OS Thread Id: 0x6ff0 (0) Child SP IP Call Site 00afede8 7745718c [HelperMethodFrame_1OBJ: 00afede8] System.Threading.WaitHandle.WaitOneNative(System.Runtime.InteropServices.SafeHandle, UInt32, Boolean, Boolean) 00afeecc 723a49d1 System.Threading.WaitHandle.InternalWaitOne(System.Runtime.InteropServices.SafeHandle, Int64, Boolean, Boolean) 00afeee4 723a4998 System.Threading.WaitHandle.WaitOne(Int32, Boolean) <<< Waits forever here… 00afeef8 723a496e System.Threading.WaitHandle.WaitOne() 00afef00 0539707e NUnit.Engine.Agents.RemoteTestAgent.WaitForStop() 00afef08 00d2173e NUnit.Agent.NUnitTestAgent.Main(System.String[]) [C:\Users\xxxxxxxxxxx\AppData\Local\JetBrains\Shared\v04\DecompilerCache\decompiler\9E876AE6-521E-4A30-9583-EE5D668CC2CC\76\160e3076\NUnitTestAgent.cs @ 92] 00aff0e8 73301376 [GCFrame: 00aff0e8]

This is the NUnit source code relative to the methods above:

public void WaitForStop() { this.stopSignal.WaitOne(); }

@CharliePoole commented on Mon Aug 29 2016

This issue should have been moved to the new nunit-console repository when we split repos.
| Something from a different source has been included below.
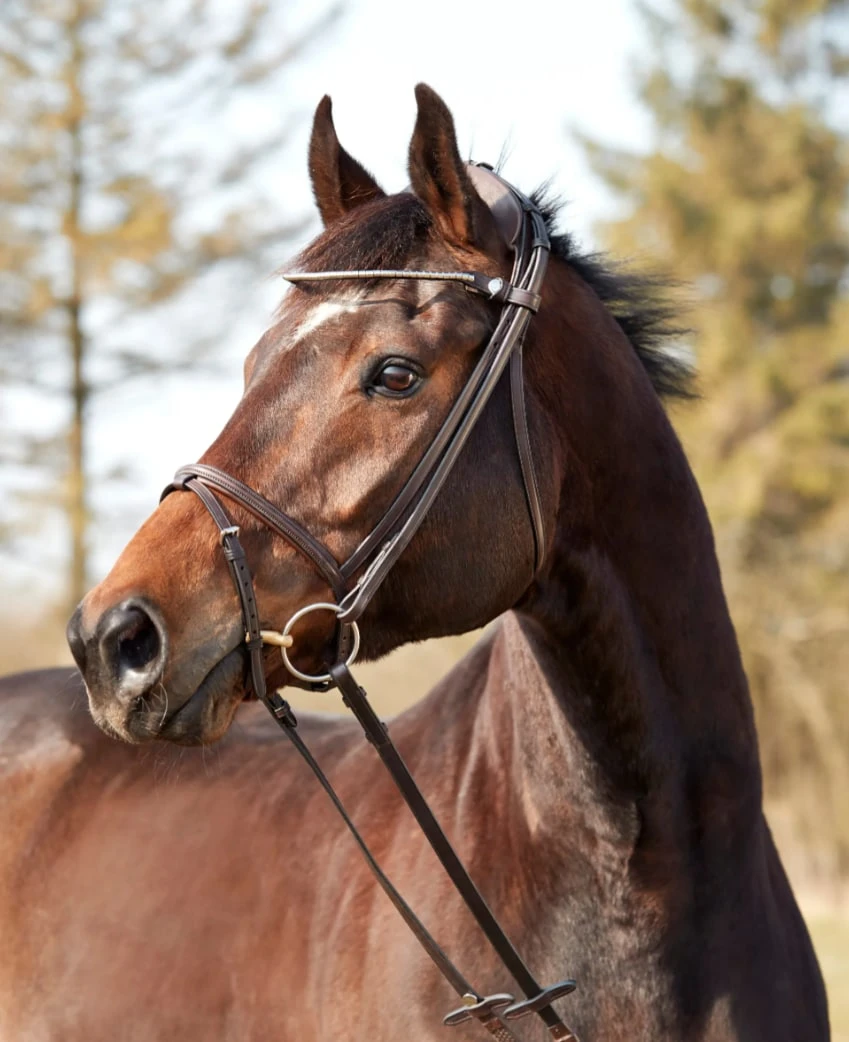 Finesse Bridle Zorro ist eine super elegante, schlichte Trense mit dem einzigartigen Genickstück, das den größten Unterschied zwischen einer normalen Trense und dem Finesse Bridle darstellt. Das Genickstück verhindert Druck- und Muskelschäden in der Hals- und Nackenmuskulatur des Pferdes. Die Trense ist mit einem dünnen Stirnband mit attraktivem Silberklinker ausgestattet. Der Nasenriemen der Trense Zorro ist sehr schmal und Ton in Ton gefüttert.

Doing so now.

CharliePoole commented 8 years ago

I confirmed this in our own build of the engine master branch, which had not been running since we split repositories.

tfabris commented 8 years ago

Thanks so much for looking into this in detail, Charlie!

Question: Is there a chance that this issue is a regression caused by the fix to this earlier issue?

https://github.com/nunit/nunit/issues/329

CharliePoole commented 8 years ago

@tfabris I'll check that. The earlier fix was that we were not reporting the error. AFAIK the process would probably still have hung, but I can run some comparisons to see.

tfabris commented 8 years ago

Thanks! I don't know which build it was introduced in, because we've been on 2.6.4 for a long time and only just switched to Nunit3 in the last week or so. So the issue could have been there for a long time, any time after 2.6.4.

rwencel commented 8 years ago

We're having the same (or similar?) problem - The nunit-agent.exe process hangs after the error "Unable to unload AppDomain, Unload thread timed out" when testing certain assemblies. I suspect it's some of our test or test object finalizers hanging and not releasing the finalizer thread but I'm not sure. Since this hangs our TFS build, we're going to workaround the problem for now with a custom NUnit build that calls "_realRunner.Dispose()" in a try/finally block in MasterTestRunner's Dispose method. That seems to be the cause of the hang, that the agent is never signalled to stop. Let me know if I can help anymore.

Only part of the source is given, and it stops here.